Despite it not being presumptively popular, I’m certainly not the only one in her early thirties feeling this inability to fulfill a higher calling. I actually had this text message exchange just this evening:

“You know how older people look back at their lives and regret what they did/didn’t do with it? I feel like that now.”

“We’re not old enough for that yet! What do you still want to do?”

“That’s the thing. I don’t know but I don’t want to look back and regret anything.”

“You can still do those things.”

“I feel like there has to be something more to it than the everyday grind of the 9-5.”

But is there something more?

As Americans, we work. We work all the time. We work hard, we work hard, and we work hard some more. We squeeze in play wherever we can fit it, and make excuses when we don’t, justified by clucking tongues and pitying nods. Sometimes even play becomes work. We don’t mean it that way, but it does. And then sometimes it’s hard to tell the difference between work and life.

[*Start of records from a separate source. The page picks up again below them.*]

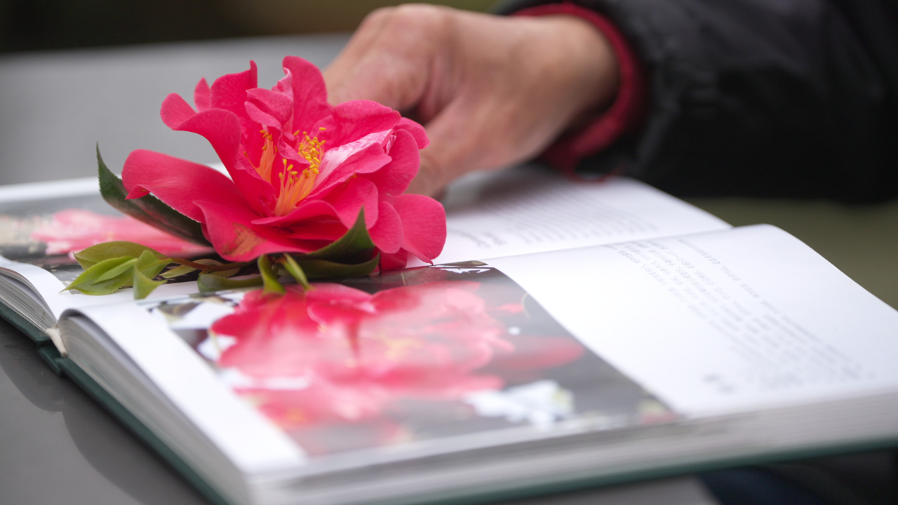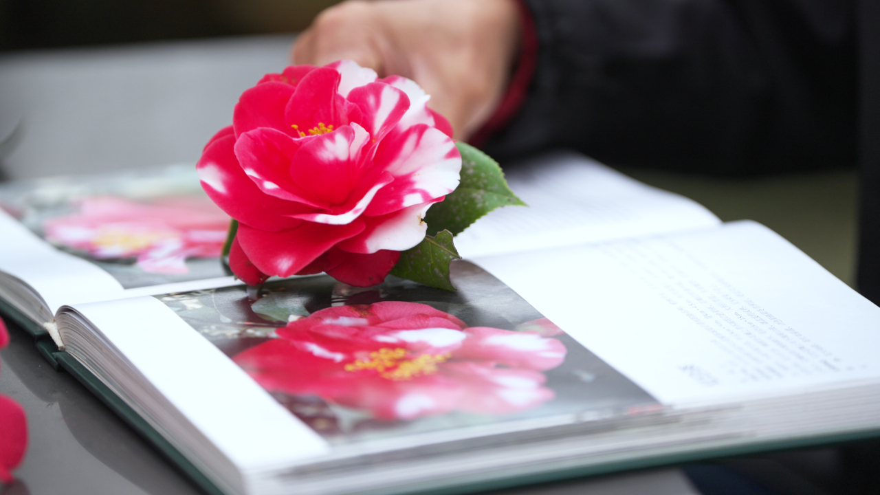 翻开这本《川茶花品种图鉴》,茶花爷爷从茶花树上摘下几朵花,对照讲解起来:“‘帅旗’由‘革命旗’与‘吊钟茶’嫁接而成,花型挺拔;‘红白茶’花瓣色彩红白相间,是嫁接变异后的新品种,我给它以红白命名,是红白社区红峡谷独有的珍稀品种,承载着家乡印记......”
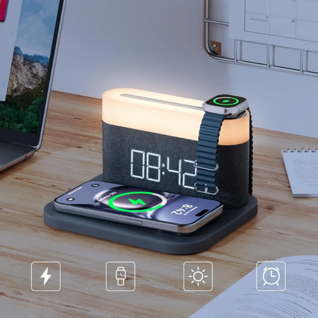ChargeAura - 15W trådløs oplader med integreret natlys og alarmfunktion
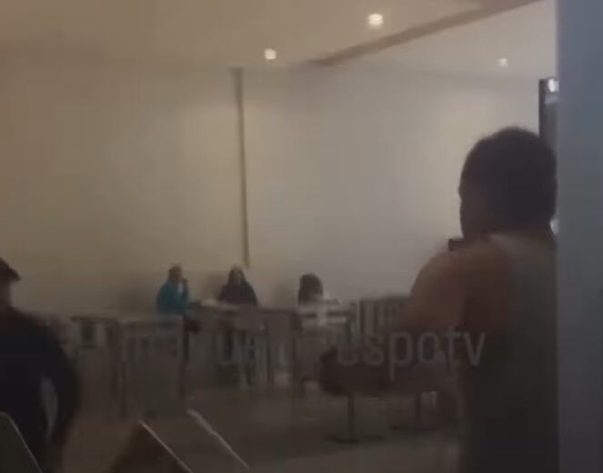 En el video publicado en las redes sociales se puede ver cómo los hombres lanzaron sillas y golpearon al hombre para detenerlo.
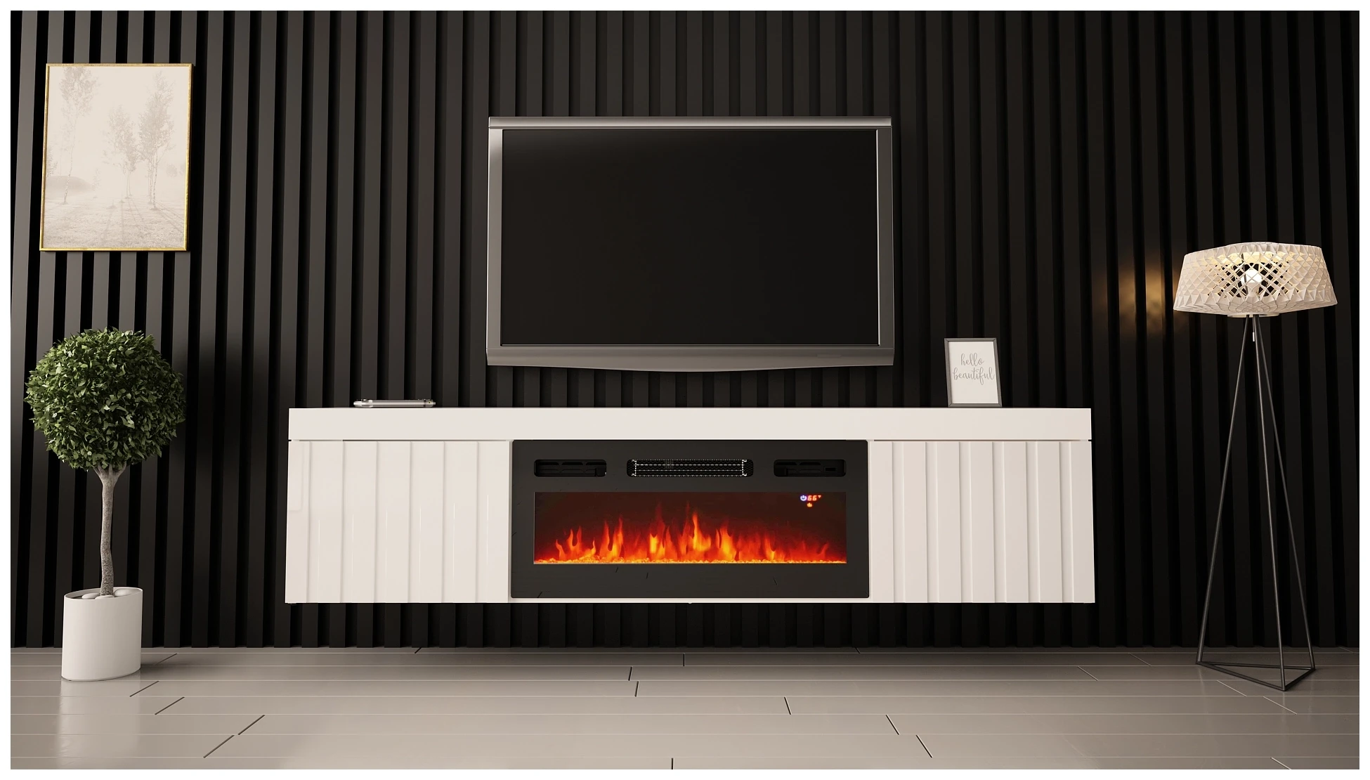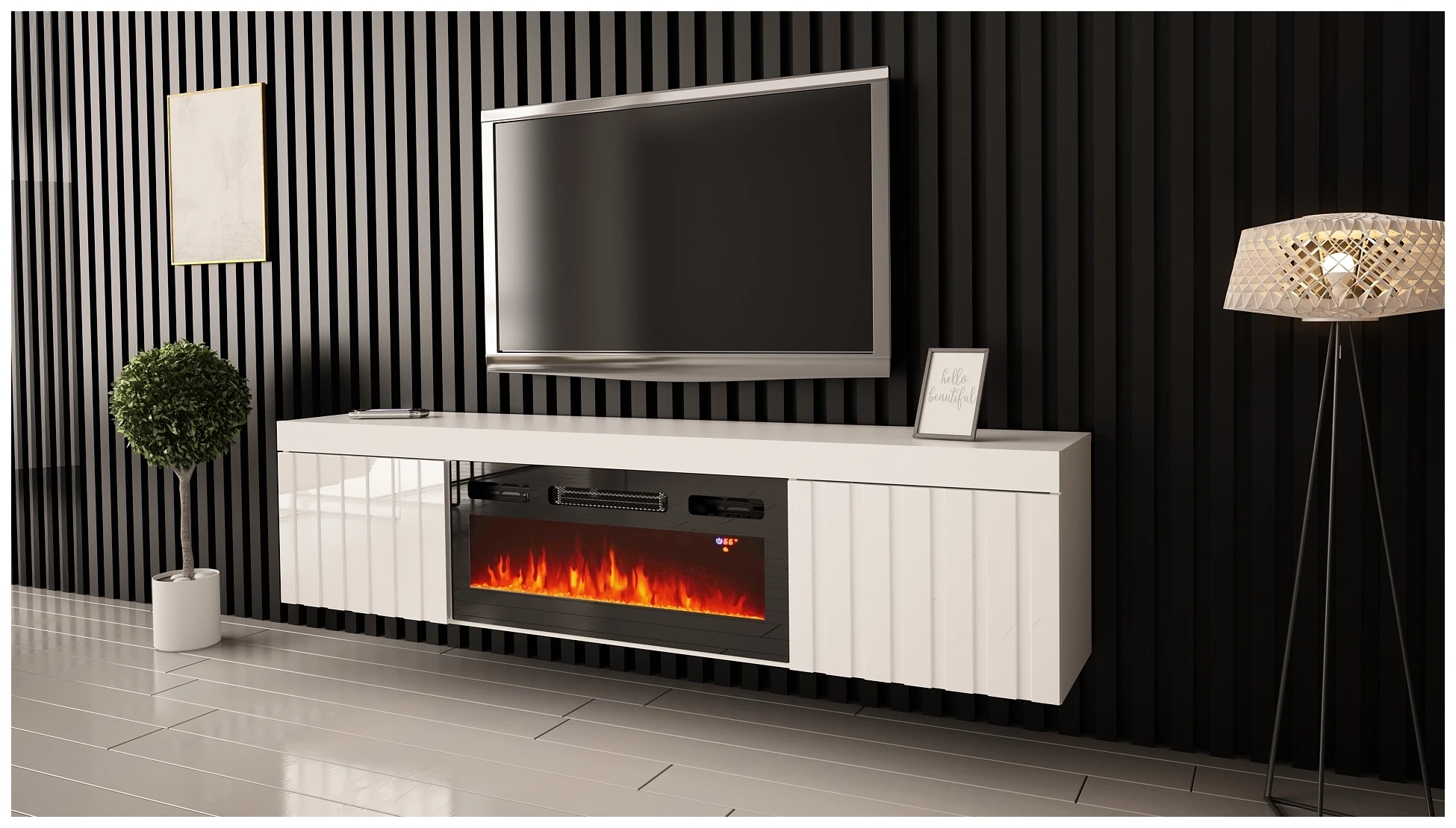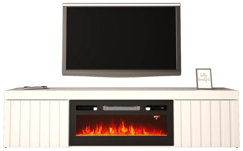 Szafka RTV wisząca/stojąca KNOXVILLE 02 RTV z kominkiem 180 cm biały mat
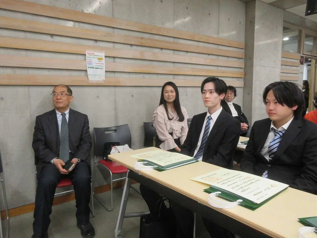 今年度より大学院修了者への学位記も同じ会場で手渡されることになり、大学院中国言語文化学専攻修了の学生(博士課程前期課程)3名が、安藤専攻主任より、「修士(中国言語文化学)」の学位記を授与されました。
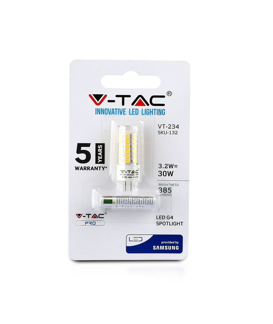 Oppgrader belysningen din med en 3,2W LED-pære som går inn i en G4 fatning og kan effektivt erstatte en 30W tradisjonell pære. Denne moderne LED-løsningen må kobles til en 12V DC forsyning, som gir optimal energieffektivitet og klarer å produsere lys med en lysstyrke på 385 lumen.
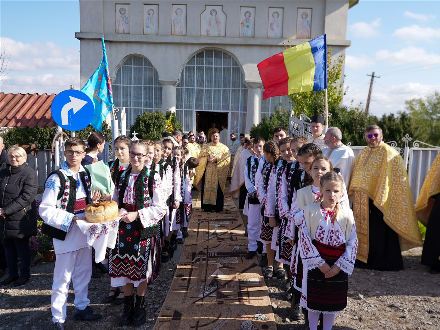 Prima oprire în Cavadineşti a fost la Biserica ”Sfântul M. Mc. Dimitrie”, unde Părintele Arhiepiscop, împreună cu membrii Permanenţei Consiliului eparhial, preoţii din protopopiatul Târgu Bujor, mulţi copii şi tineri şi credincioşi au mulţumit Milostivului Dumnezeu pentru darurile revăsate asupra poporului dreptcredincios prin sfinţii bineplăcuţi Lui.
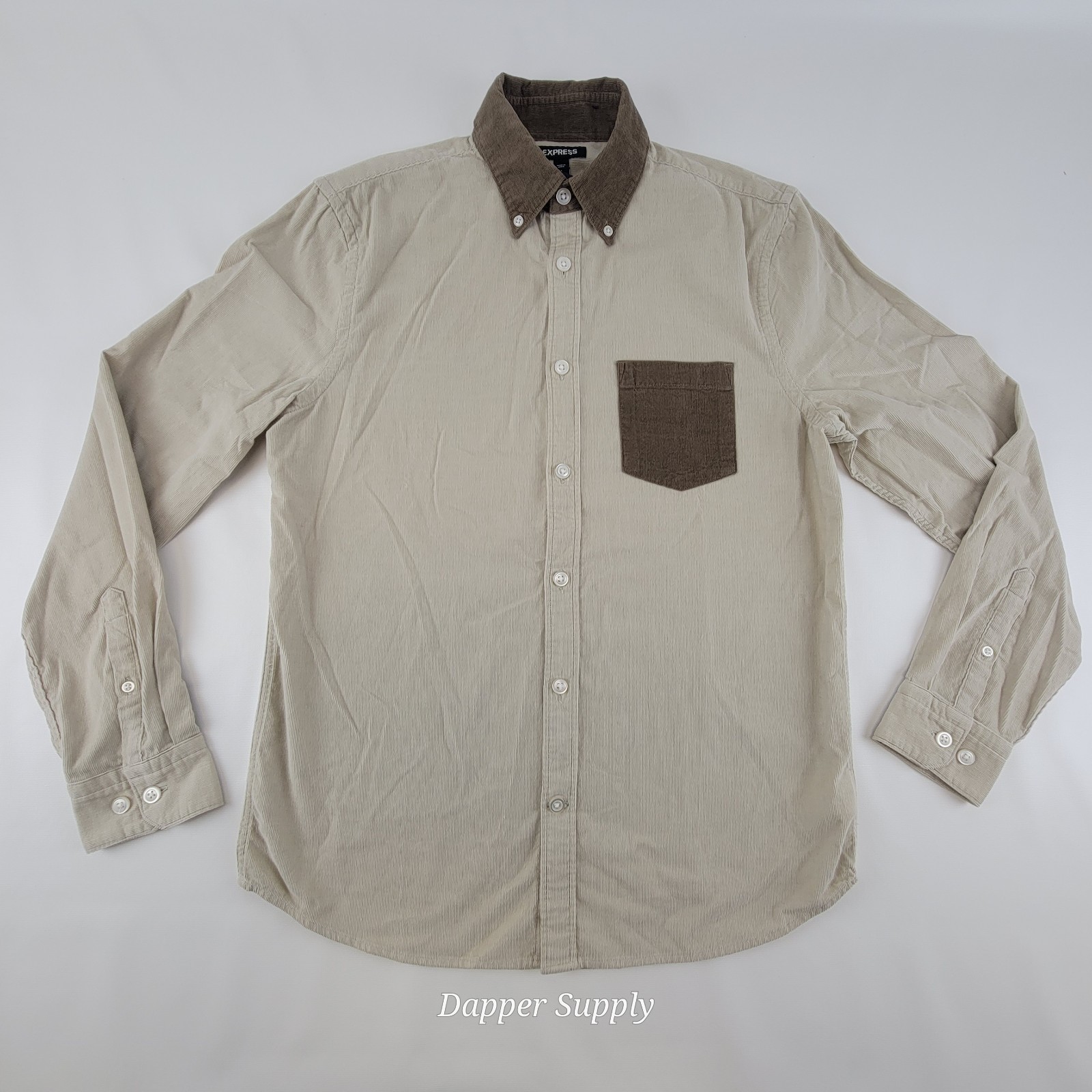 - Express Men’s Sz Small Beige Corduroy Button-Down Shirt New
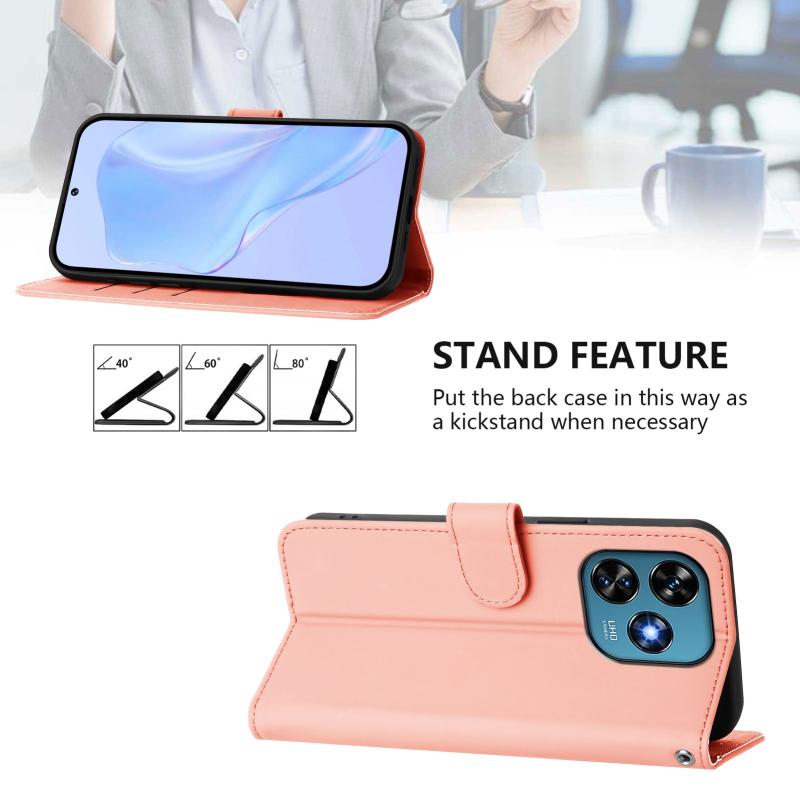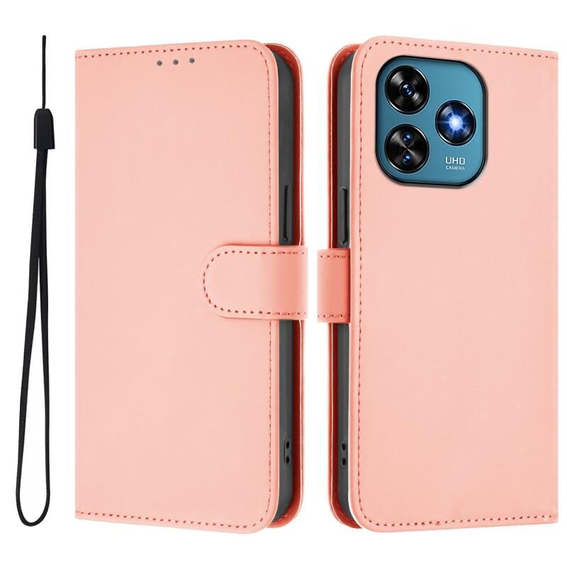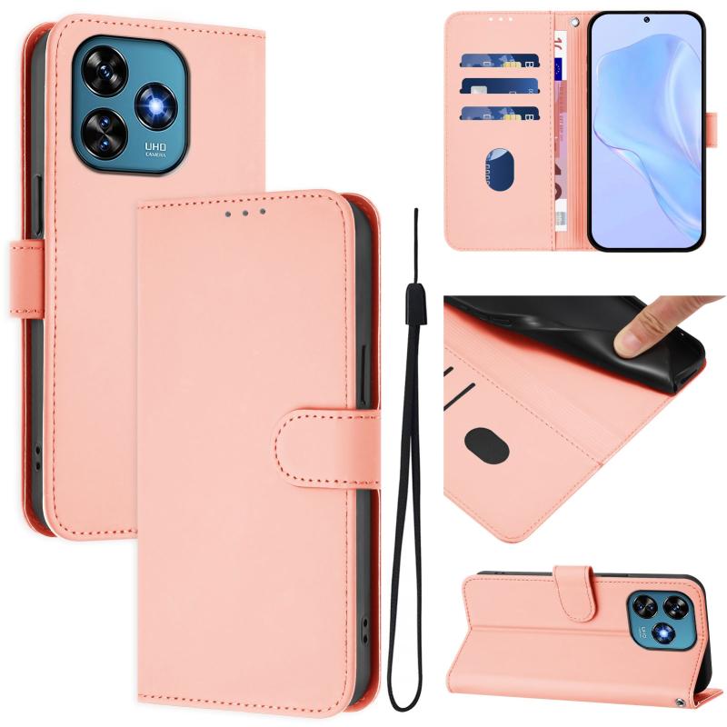 For Oukitel C51 Skin Feel Solid Color Leather Phone Case with Lanyard(Pink)

Is that how it’s meant to be?

I’m not sure. I do know that I lead a generally privileged life. Not as a result of my upbringing, but because of sacrifices and hard work and smart moves and tears, lots of those. Does everyone have the same opportunity to make the same pivotal decisions that I could? Of course they don’t. Am I lucky? Absolutely am. Should I hoard that luck? I should think not.

Therein lies the problem. The purpose that’s so required to make charmed, spoiled grown-ups like me feel whole and maybe even a little bit special. It’s a First World dilemma to the highest degree, but there it is — the intense need to make your fortunate days on earth count for something. Or else, your horribly wonderful life seems so, well, gloriously vapid, doesn’t it?

Cue the violin. This one’s a real weeper.